**LISTED ENTRIES**

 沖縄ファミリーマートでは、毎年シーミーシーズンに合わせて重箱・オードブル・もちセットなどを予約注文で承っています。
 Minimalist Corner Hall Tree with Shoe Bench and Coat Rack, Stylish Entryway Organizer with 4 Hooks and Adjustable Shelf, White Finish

---

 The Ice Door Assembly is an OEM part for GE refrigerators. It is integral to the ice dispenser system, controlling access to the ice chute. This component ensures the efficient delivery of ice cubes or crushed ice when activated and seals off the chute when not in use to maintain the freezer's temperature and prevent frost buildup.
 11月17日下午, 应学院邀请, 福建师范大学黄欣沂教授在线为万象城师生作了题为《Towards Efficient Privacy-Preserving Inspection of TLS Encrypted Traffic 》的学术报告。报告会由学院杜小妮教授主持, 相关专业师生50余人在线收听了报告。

---

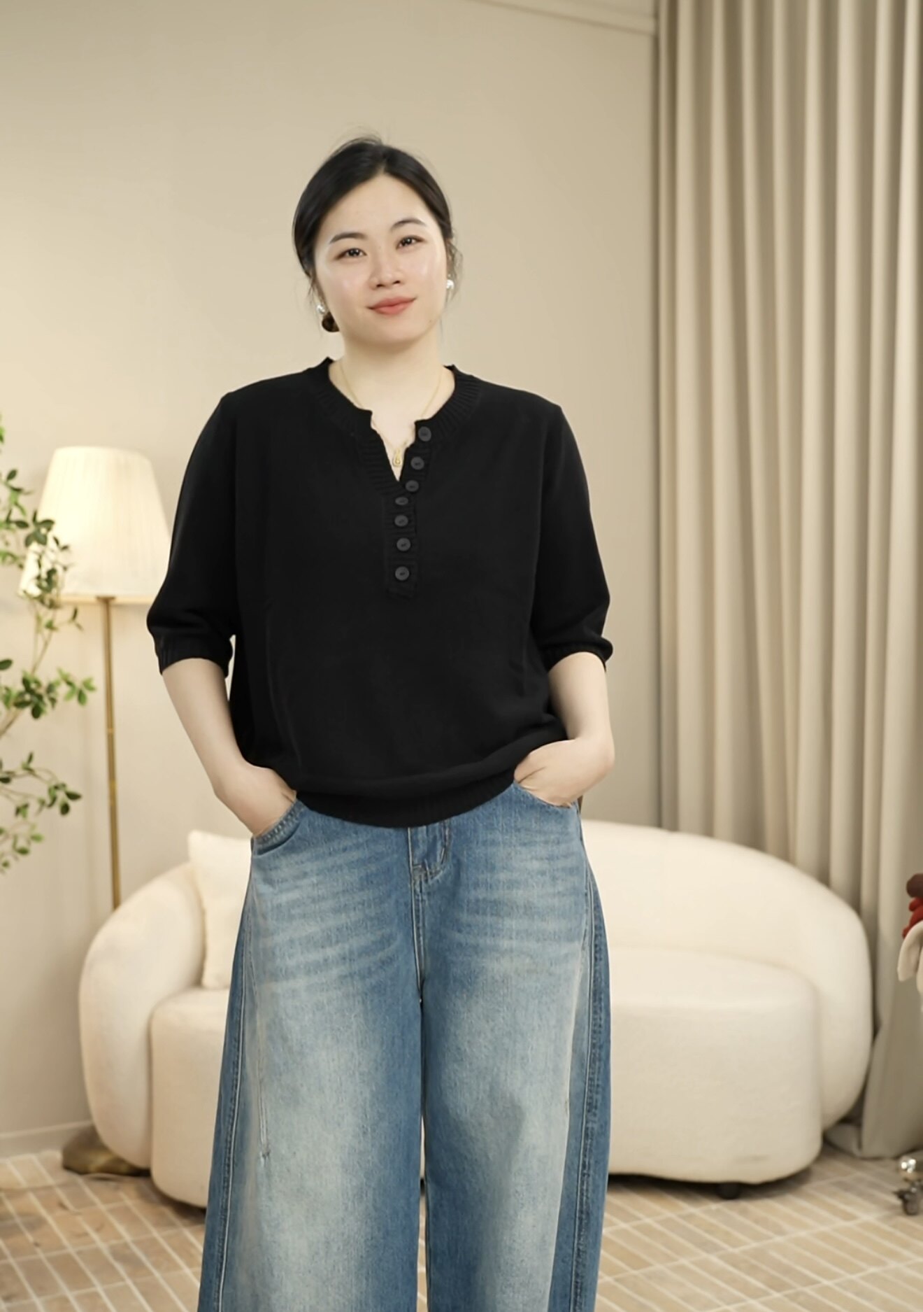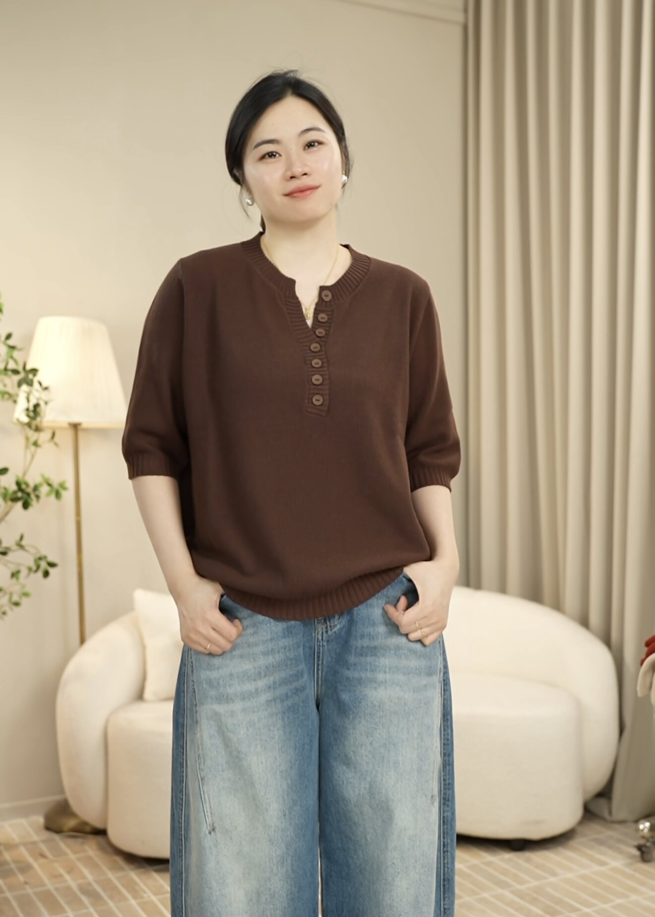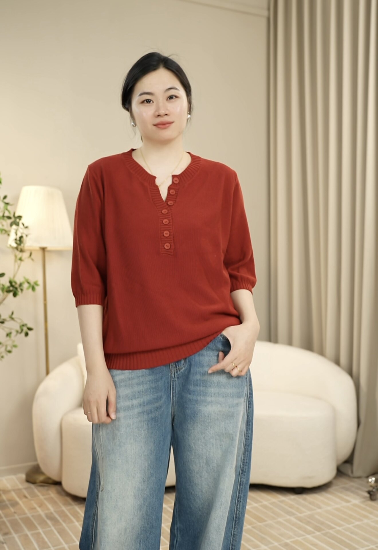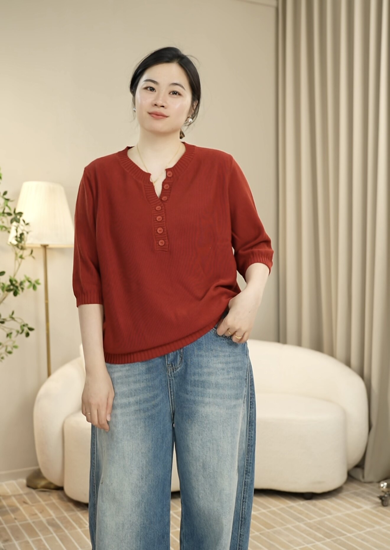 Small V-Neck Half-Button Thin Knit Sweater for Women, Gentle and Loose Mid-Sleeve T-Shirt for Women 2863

**AIM OF THE EXERCISE**
From the records above, transcribe exactly the run of lines that opens with the line holding "沖縄ファミリーマートでは、毎" and closes with the line holding "Minimalist Corner Hall", both included.

**ANSWER TO THE EXERCISE**
 沖縄ファミリーマートでは、毎年シーミーシーズンに合わせて重箱・オードブル・もちセットなどを予約注文で承っています。
 Minimalist Corner Hall Tree with Shoe Bench and Coat Rack, Stylish Entryway Organizer with 4 Hooks and Adjustable Shelf, White Finish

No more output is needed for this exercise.